Scout nodded, meeting Lucky’s gaze. “I’d put money on it,” he said.

“The look in his eyes,” Lucky murmured, turning to regard his coffee intently. “He… he was just staring out to sea, waiting… and his guy never came home.”

They all shivered, and Kayleigh let out a long breath.

“Tom’s mother must be the one keeping the bench clean.”

Lucky made a wounded sound, and Scout turned to watch him. “That hurts?” he asked before looking worriedly at Kayleigh. “I… we… our mothers weren’t tender,” he said after an unhappy moment. “We were treated well enough, I guess, but we had nannies and teachers and….” He stared at Lucky for a long moment. “Do mothers really love their children enough to pine like that?”

“Don’t ask me,” Lucky said shortly, still studying his coffee. “My mother didn’t care enough to clean herself up, much less keep a big hunk of granite clean, as a ghost.”

Under the table Scout felt for Lucky’s knee and squeezed gently. “Even when you were a baby?” he asked.

Lucky swallowed and shrugged. “We were a happy family when I was a kid,” he admitted. “And then… I don’t remember much, but I guess they started on the drugs, and one day my Auntie Cree showed up, and I hadn’t been bathed and hadn’t started kindergarten, and I hadn’t eaten in two days, and she just… just took me. I remember my mother yelling at Auntie Cree, screaming not to take her baby, but….” Another shrug, this one smaller. “She never went into rehab. She never came back for me. My father neither.”

“So the mother thing,” Scout said, looking at each one of them for confirmation. “That’s a big deal. She loved her boy. She devoted time to his memorial. She’s heartbroken.”

“But she had a daughter!” Kayleigh cried, and Scout and Lucky both looked at her.

“She did. That was the little girl crying in front of the bench. She was just staring out to sea, weeping unconsolably. If mom had the time to scrub the damned bench, why wasn’t she hugging her baby?”

“I don’t know,” Scout said, feeling small. He knew this anger in her. He understood too well where it came from. Kayleigh had been treated as less than the boys in the compound all her life. Her only value had been as a servant or a broodmare. Just as Scout felt the void of a mother deeply, Kayleigh would feel the preference of a mother twice as deep. “I would have comforted her,” he said, giving her a small smile.

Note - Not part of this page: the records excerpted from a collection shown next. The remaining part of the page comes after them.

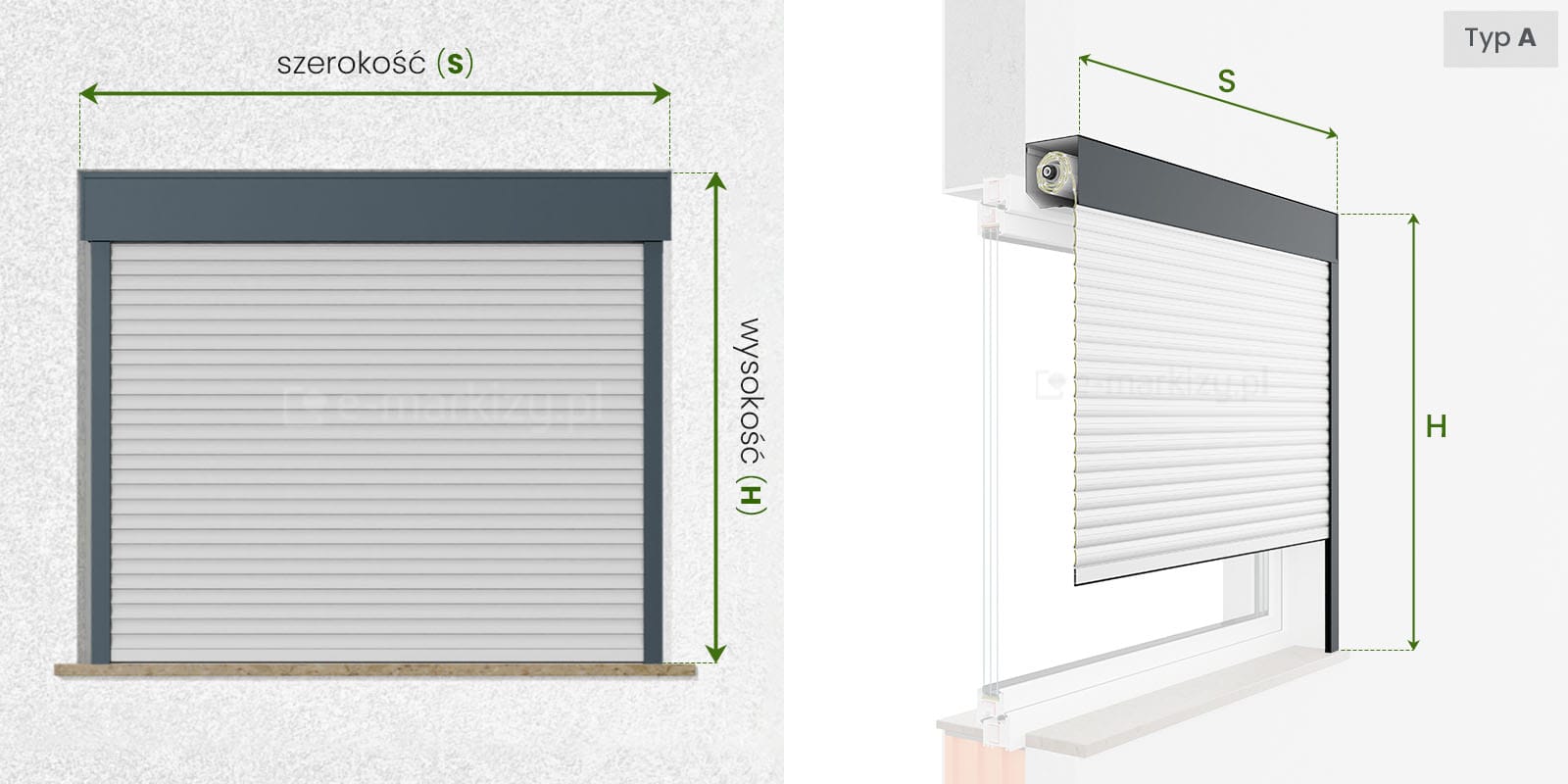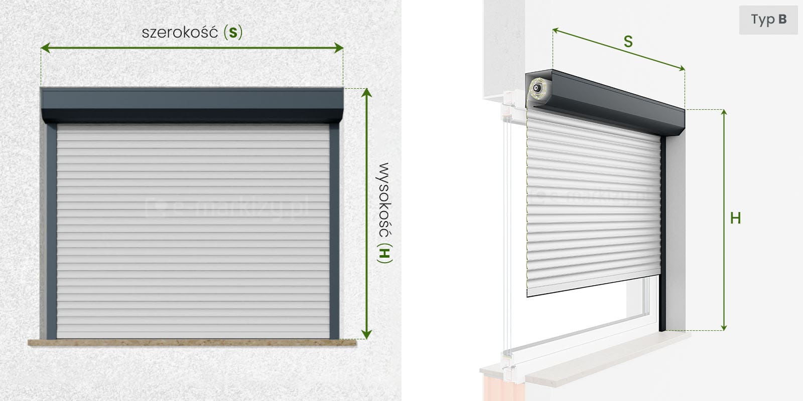 Szczegóły pomiaru rolety przy montażu we wnęce (typ A, typ B)
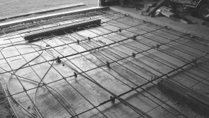 The crib’s interior walls were originally supported by a 2 by 8, but the sill plate was poured into the floor. Claussen rented a diamond cutter and jackhammer to remove the sill plate, then laid rebar in the alley and tied it to wall bolts. He put 6 in. of polystyrene on top of the old cement, then installed radiant floor heating and poured 8 in. of cement on top of it. He also installed floor drains.
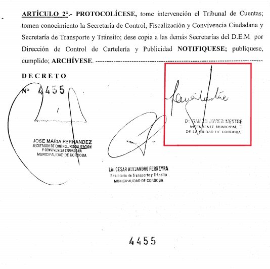 Es decir, luego de permitir que Estudios Publicitarios Braver SA siguiera explotando el servicio sin contrato durante años, mediante dicho decreto, Mestre le perdonó a la empresa concesionaria todo lo que adeudaba. Y, además, le volvió a adjudicar de manera directa, sin licitación alguna, y sin que la empresa tenga que poner un peso de garantía, la publicidad en la vía pública a cambio de una nueva y millonaria promesa de inversión que la empresa no cumplió. Con un simple decreto y sin aval del Concejo.
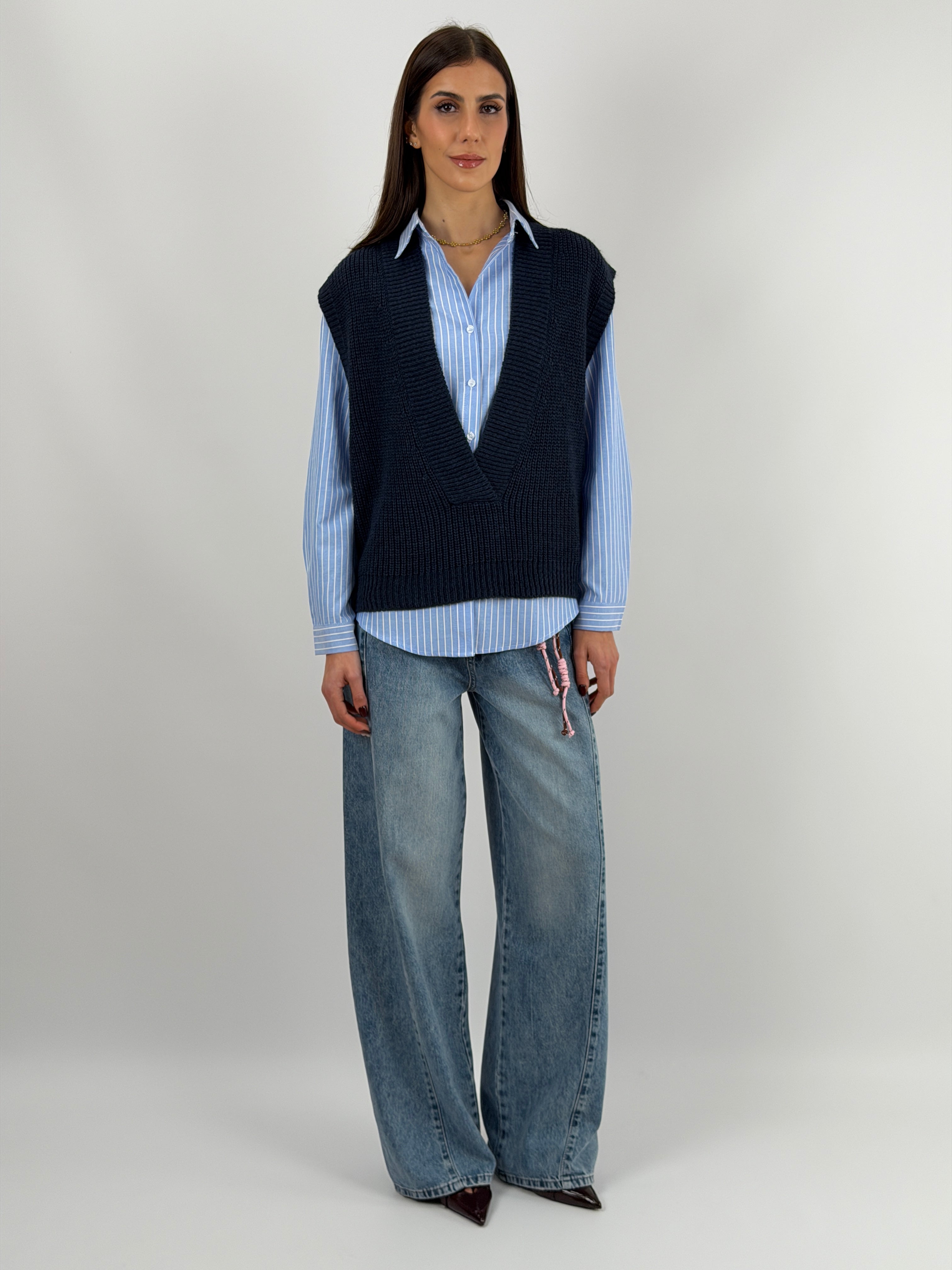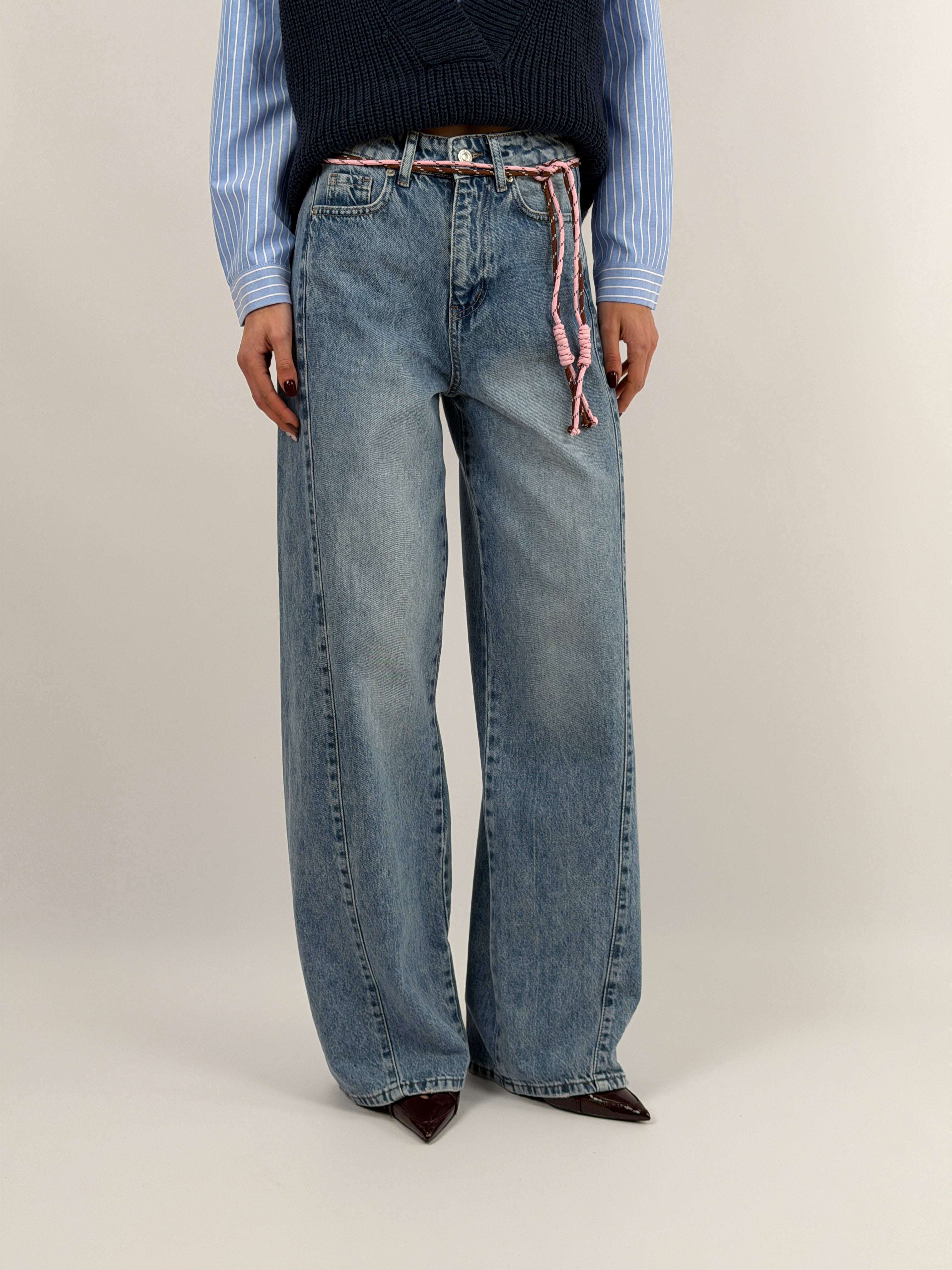 Jeans modello wide leg in lavaggio chiaro con chiusura con zip e bottone, cordini in vita e cinque tasche.
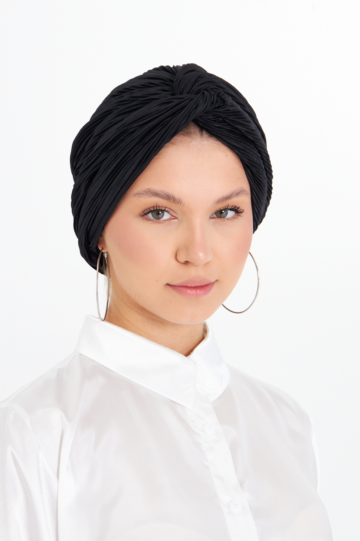 Siyah Çapraz Büzgülü Tesettür Bone Fukuro Piliseli 2512_01
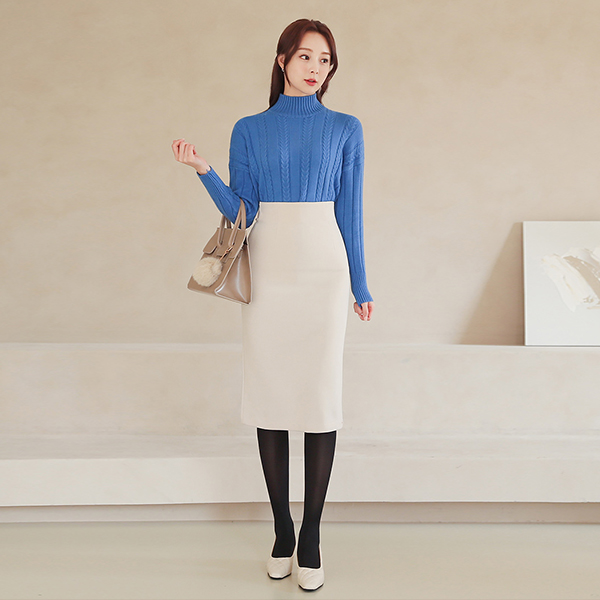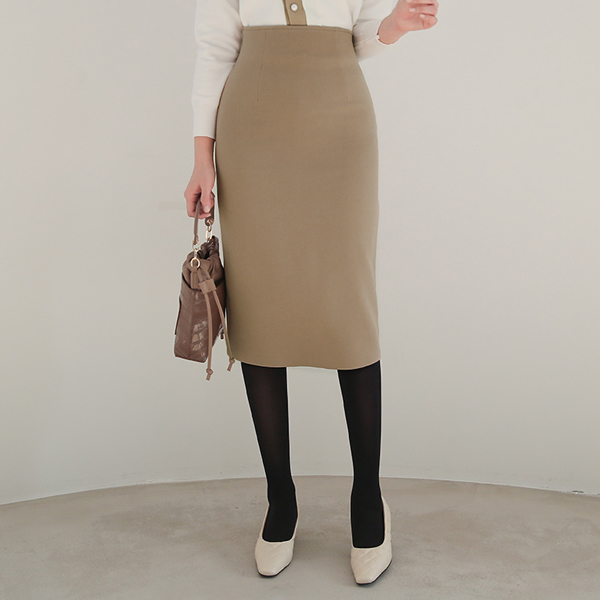 侧线开衩 高腰 弹力 裙子(衬里加绒)
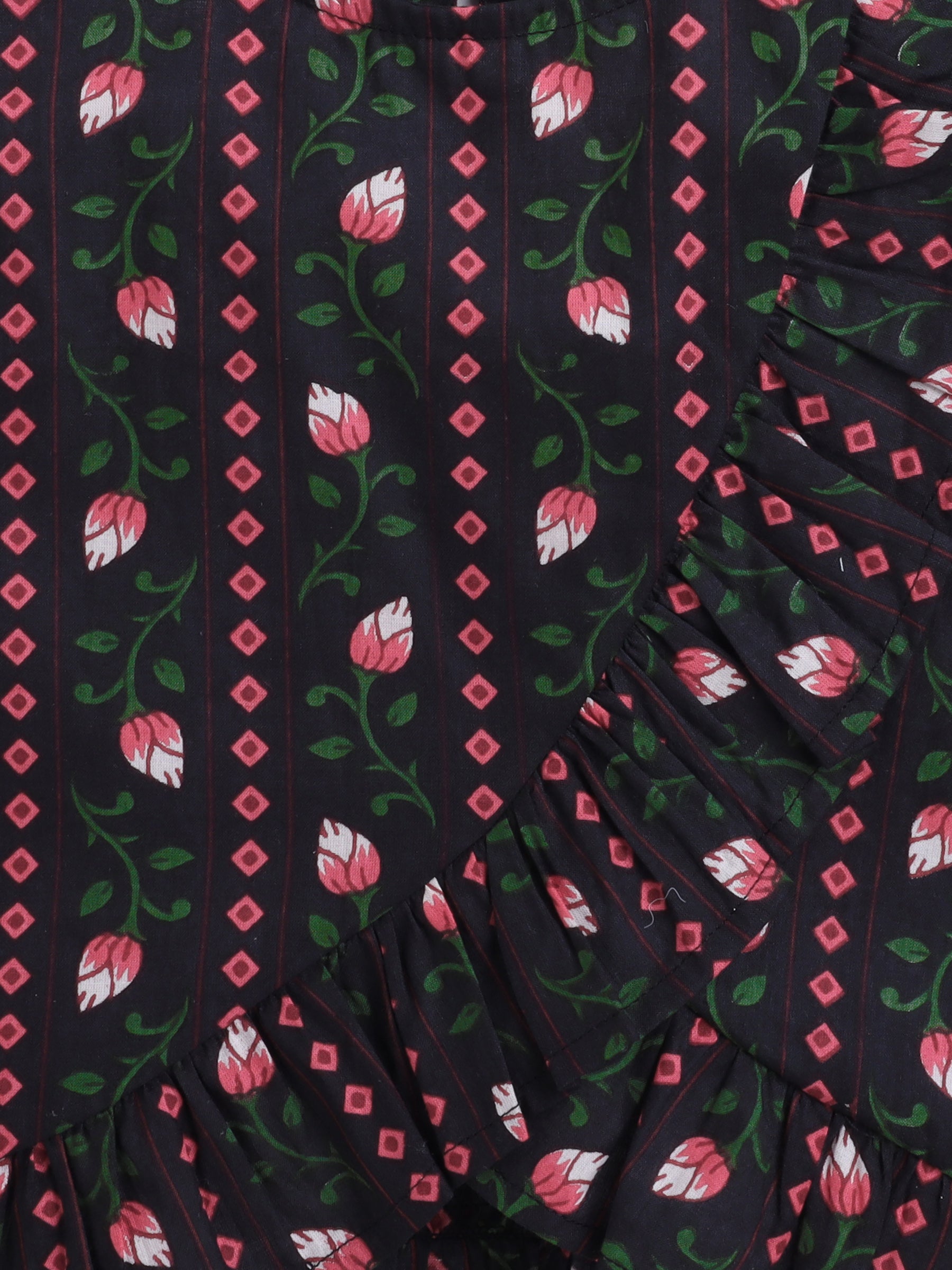 The Magic Wand Stripes Textured Ruffle Sleevless Top Black
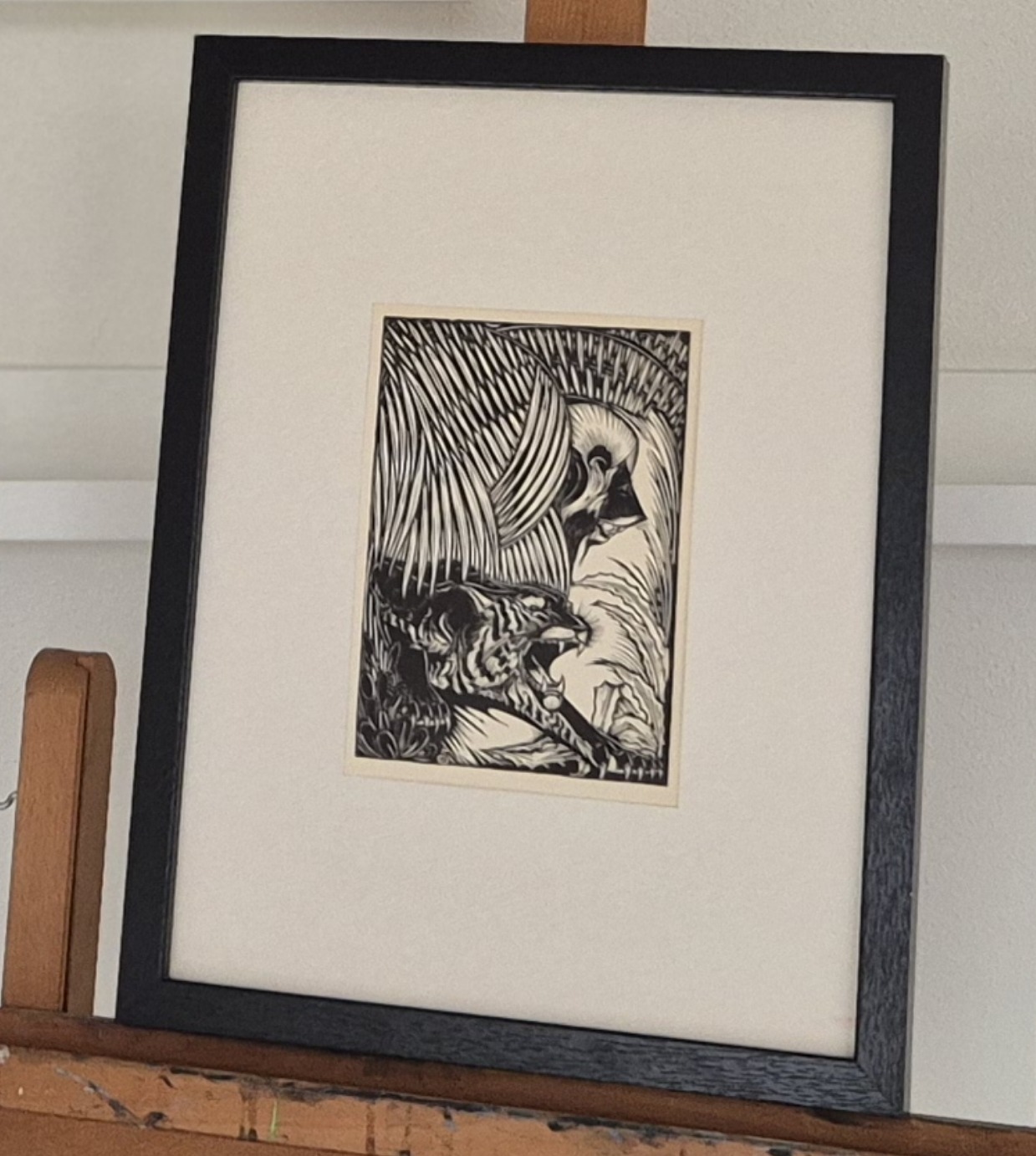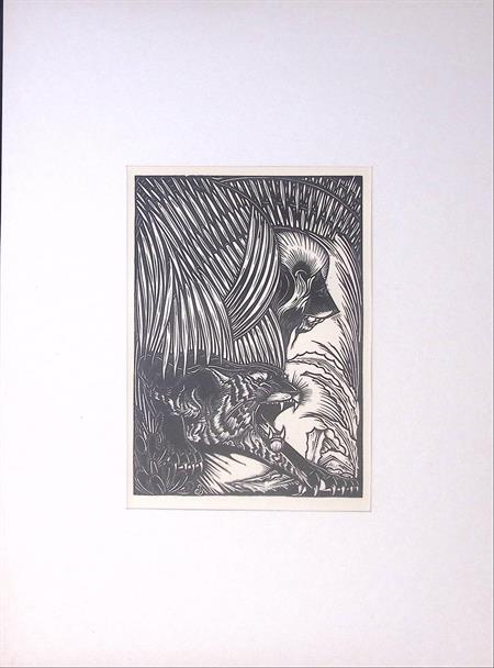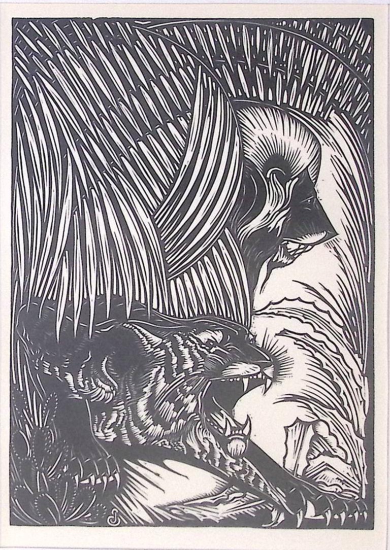 Bijzondere authentieke prent (houtsnede), geen herdruk! Komt uit het boek Misleidende Majesteit, waar dierenprenten in een verhaal verwerkt zijn Gemaakt door de bekende Nederlandse kunstenaar Jan Schonk. Wordt geleverd in passe partout in formaat 30x40.
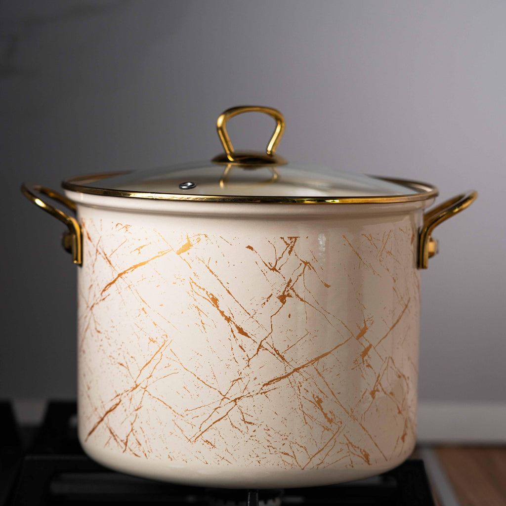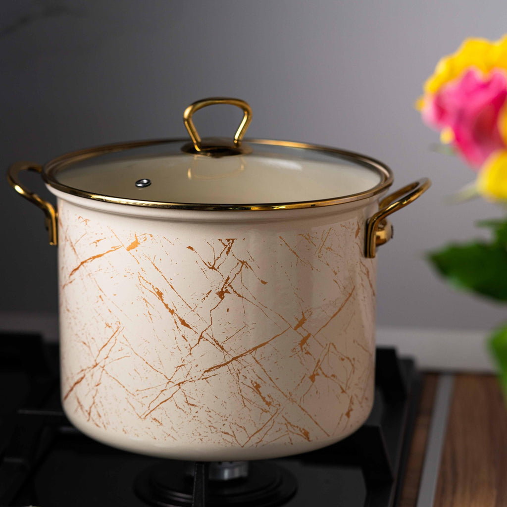 - Material de calitate superioară: Oala este realizată din email durabil, recunoscut pentru rezistența în timp și ușurința în întreținere. Mânerele cu finisaj titan adaugă un plus de eleganță și confort la utilizare.
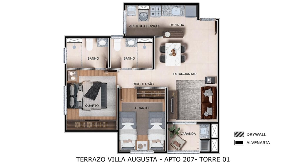 Com suíte, sacada com churrasqueira a carvão e vaga de garagem
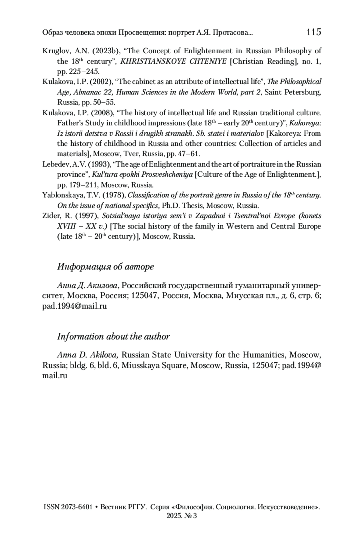 1. Абрамкин 2020 - Абрамкин И.А. Типологические характеристики парадного и камерного изображения в русской портретной живописи XVIII в. // Вестник РГГУ. Серия «Философия. Социология. Искусствоведение». 2020. № 4. С. 112-127. https://doi.org/10.28995/2073-6401-2020-4-112-127.

“Yeah, but Scout, you would have been the one lost out over the sea.”

He grimaced. “So seriously, that Tom guy should have stayed home, right?”

“Yes!” Kayleigh and Lucky both said in tandem, and Scout gave them both a game smile.

“So Scout doesn’t leave the island. I get it. But….” Scout bit his lip. “That couple in the corner—somebody was coming after them. I think one of them was Tom’s little sister, grown up, but the boy? I don’t know who that was.”

“Well we didn’t say we had itallfigured out,” Kayleigh said, blowing out a breath. “But knowing who Tom was—and that Henry was his lover—that went a long way to help solving the mystery, right?”

“Yes,” Scout said decisively.

“But what does that do?” Lucky demanded, pulling himself into the conversation with an obvious effort. “I mean, so we finally know the people who are stuck in the trap. What happens then?”